WHAT TO WORK ON: The records that follow are to be repeated exactly, without any pictures.

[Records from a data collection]
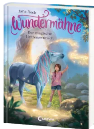
Wundermähne (Band 7) - Der magische Herzenswunsch Hardcover
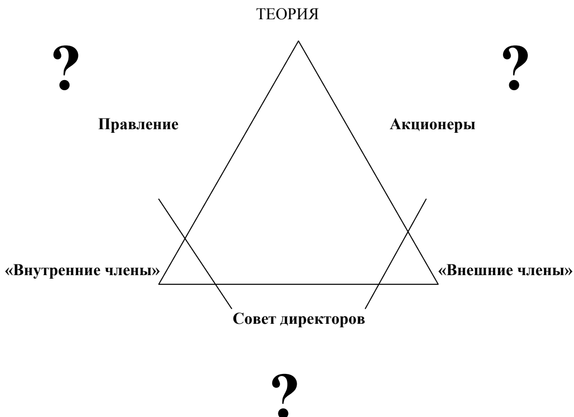
Рис. 2. Модель управления российскими акционерными обществами
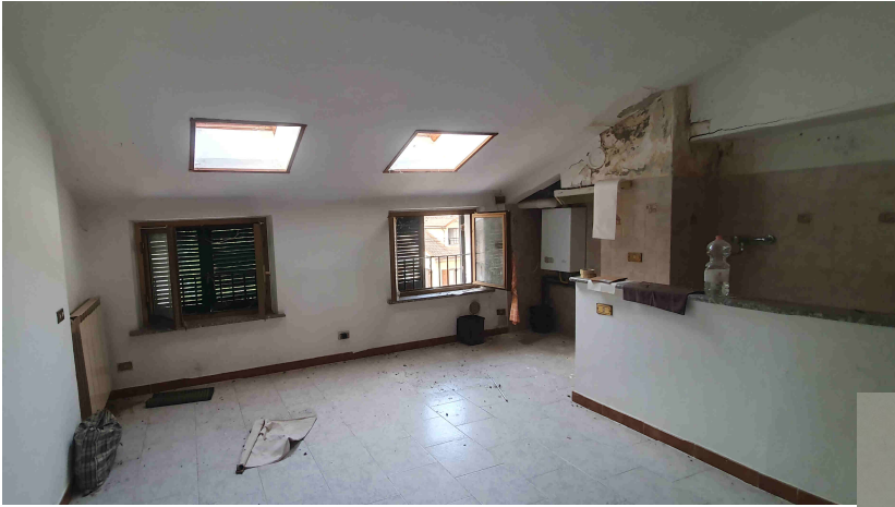
SOGGIORNO CON ANGOLO COTTURA
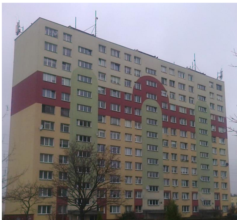
Fot. 1: Widok anten stacji bazowej ID: BT31063, zlokalizowanej pod adresem: ul. Limanowskiego 154, 91-034 Łódź
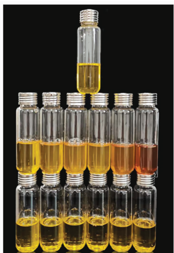
注:下层从左至右:120℃/10~30 min,140℃/10~30 min;中层从左至右:160℃/10~30 min,180℃/10~30 min;上层:对照。
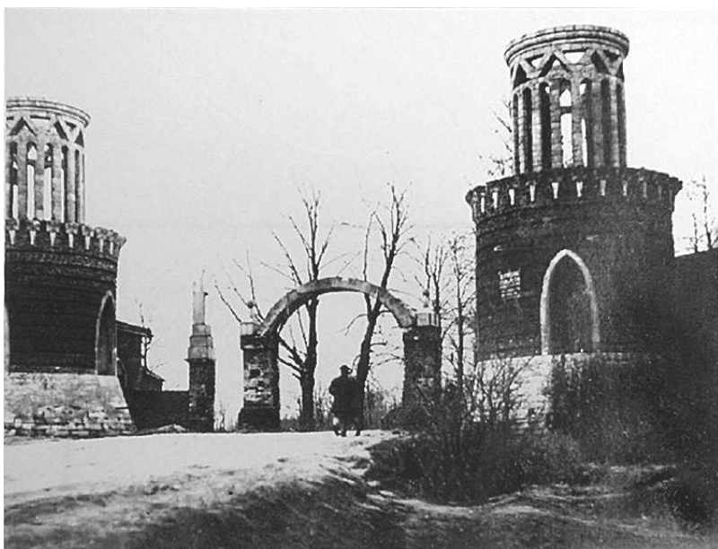
Ансамбль парадного въезда. Фото 1935 года

Подобные мемориально-триумфальные «турецкие крепости» сооружали в своих подмосковных усадьбах и другие отличившиеся военачальники. Наиболее известная из них Михалково графа П. И. Панина, чей ансамбль сохранился почти полностью. От крепостей в усадьбах Васильевское графа В. М. Долгорукова-Крымского (более известна по позднему названию Мамонова дача) и Троицкое-Кайнарджи графа П. А. Румянцева-Задунайского ничего не сохранилось. Как правило, такие сооружения имитировали реальные турецкие крепости, взятые под руководством этих полководцев, хотя, безусловно, не являлись их копиями, а сооружались по мотивам. Применительно к Воронцову это, безусловно, Мачин, за бой под которым в 1791 году Репнин получил орден Георгия 1-й степени – высшую военную награду страны. К сожалению, после смерти владельца значение ансамбля со временем было забыто, а снос одного из павильонов и превращение другого в церковь, а разрушение рва, вала и стен сильно обеднили его. В результате крепость воспринималась исследователями лишь как «парадный въезд».
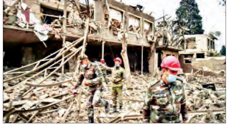
အောက်တိုဘာ ၁၁ ရက်က နာဂေါ့-ကာရာဘတ်ခံဒေသရှိ အပျက်အစီးများကို တွေ့ရစဉ်။
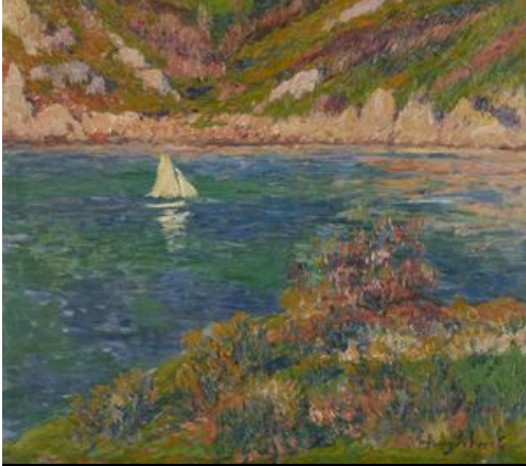
Henry Moret, Paysage de Doëlan à la voile blanche, 1898, huile sur toile, collection musée des beaux-arts de Brest métropole, legs Monique Le Bras-Lombard, 2019.

TASK RESULT:
Wundermähne (Band 7) - Der magische Herzenswunsch Hardcover
Рис. 2. Модель управления российскими акционерными обществами
SOGGIORNO CON ANGOLO COTTURA
Fot. 1: Widok anten stacji bazowej ID: BT31063, zlokalizowanej pod adresem: ul. Limanowskiego 154, 91-034 Łódź
注:下层从左至右:120℃/10~30 min,140℃/10~30 min;中层从左至右:160℃/10~30 min,180℃/10~30 min;上层:对照。
Ансамбль парадного въезда. Фото 1935 года

Подобные мемориально-триумфальные «турецкие крепости» сооружали в своих подмосковных усадьбах и другие отличившиеся военачальники. Наиболее известная из них Михалково графа П. И. Панина, чей ансамбль сохранился почти полностью. От крепостей в усадьбах Васильевское графа В. М. Долгорукова-Крымского (более известна по позднему названию Мамонова дача) и Троицкое-Кайнарджи графа П. А. Румянцева-Задунайского ничего не сохранилось. Как правило, такие сооружения имитировали реальные турецкие крепости, взятые под руководством этих полководцев, хотя, безусловно, не являлись их копиями, а сооружались по мотивам. Применительно к Воронцову это, безусловно, Мачин, за бой под которым в 1791 году Репнин получил орден Георгия 1-й степени – высшую военную награду страны. К сожалению, после смерти владельца значение ансамбля со временем было забыто, а снос одного из павильонов и превращение другого в церковь, а разрушение рва, вала и стен сильно обеднили его. В результате крепость воспринималась исследователями лишь как «парадный въезд».
အောက်တိုဘာ ၁၁ ရက်က နာဂေါ့-ကာရာဘတ်ခံဒေသရှိ အပျက်အစီးများကို တွေ့ရစဉ်။
Henry Moret, Paysage de Doëlan à la voile blanche, 1898, huile sur toile, collection musée des beaux-arts de Brest métropole, legs Monique Le Bras-Lombard, 2019.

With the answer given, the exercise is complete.